The former presidential candidate noted that “I admire the very generous and compassionate approaches that were taken particularly by leaders like Angela Merkel, but I think it is fair to say Europe has done its part, and must send a very clear message – ‘we are not going to be able to continue to provide refuge and support’ – because if we don’t deal with the migration issue it will continue to roil the body politic.”
The truth can be hard to hear for unreceptive ears: particularly those ears of the globalist technocrats in Brussels who want to subjugate European nation-states entirely under their control. For this elitist class, open borders is the answer, national sovereignty is an after thought, and political leaders like Italy’s Giuseppe Conte and Hungary’s Viktor Orban are dangerous demagogues seeking to fan the flames of virulent bigotry.

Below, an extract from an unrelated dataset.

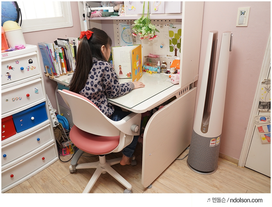 공기청정기가 있지만, 난방도 가능한 부분에서 차별화가 있습니다. 거실에는 이미 LG 퓨리케어 360 공기청정기가 자리를 차지하고 있지만, 원하는 공부방에 난방과 공기청정을 고려하는 측면에서 만족하시리라 봅니다.
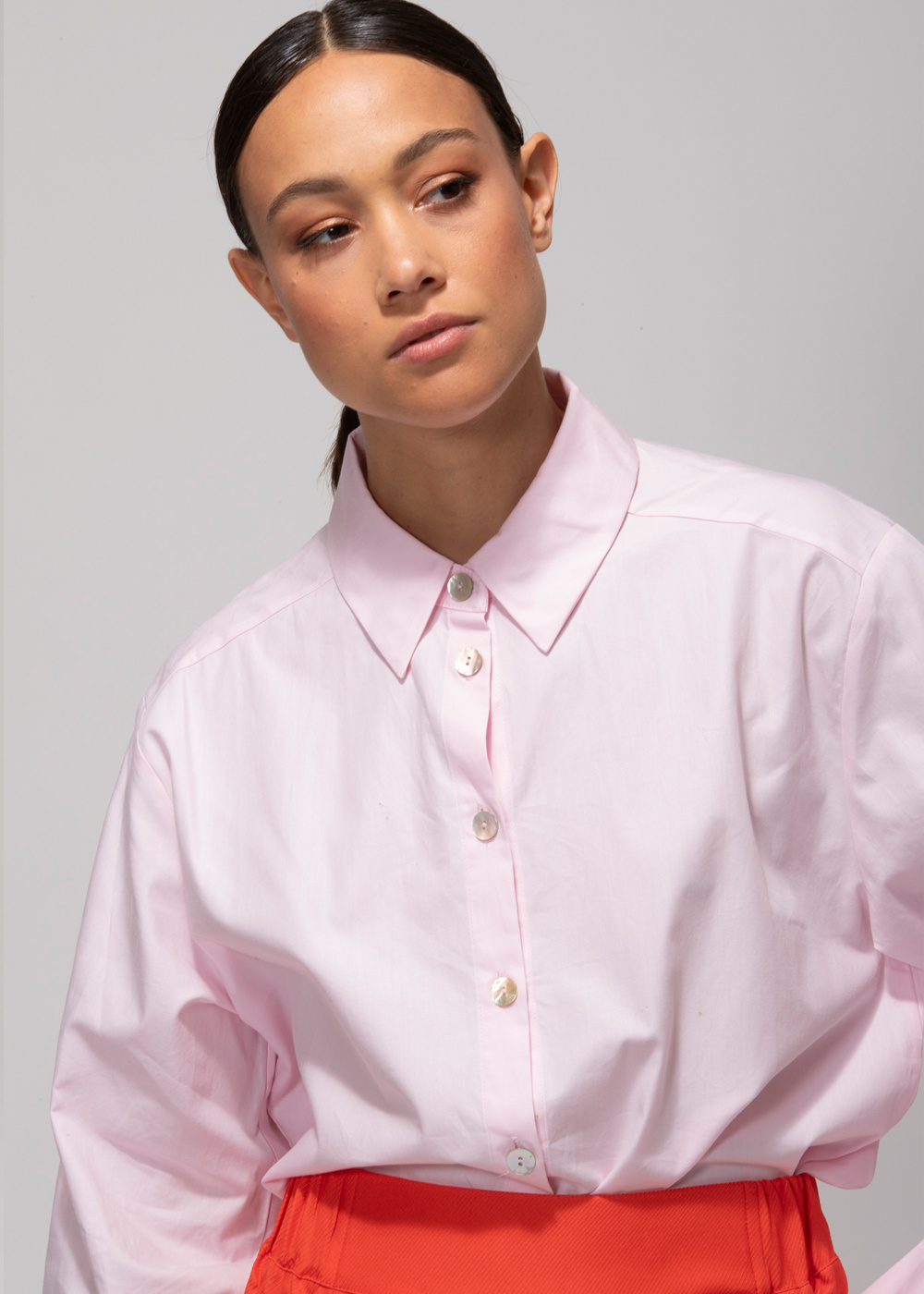 Lichtroze soepel vallend biologisch katoenen overhemd met kraagje en doorknoopsluiting. Het shirt heeft lange mouwen met manchetten, die je op kunt rollen. Het model draagt een maat 36.

Immigration is the defining issue of our time. For libertarians it is a complicated one, that often splits our intellectual community in half. Open borders and an open labor market are fundamentally libertarian ideas. There is wonder-working power in the concept of the world’s teeming masses seeking out a better life in Western Europe, or North America, or East Asia.
One can hardly fault those from the world’s most deprived and repressive countries for their desire to live in social, economic, and political freedom. However, there is a 500 pound elephant in the room: the welfare state.
As long as a massive and bloated social safety net, which soaks up a nation’s productive resources while depriving its citizens of half their income, continues to exist, the open borders notion is dead in the water. Milton Friedman, arguably the greatest economist in a generation, put it succinctly: “It’s just obvious you can’t have free immigration and a welfare state.”
It is obvious, even to the global elitist technocrats of the Democratic Party and the European center-left. The reality of the matter is that they do not care. They do not care about the massive fiscal cliff before us. They do not care about skyrocketing public debt, radically increased budgets for social spending, and lax controls which allow both legal and illegal immigrants to reap the benefits of a system, into which they have never contributed.
Libertarians and conservatives would generally be in favor of a modest immigration proposal: immigrants should have a job, pass a criminal background check, speak the language of their target country, and not expect to rely on the social safety net.
Unfortunately, that is not the case. In California, for example, 72% of immigrant households are using some type of welfare. Yikes! That should serve as a ringing endorsement of everything that Donald Trump has been saying all along about the dangers of not taking in the “best and brightest.”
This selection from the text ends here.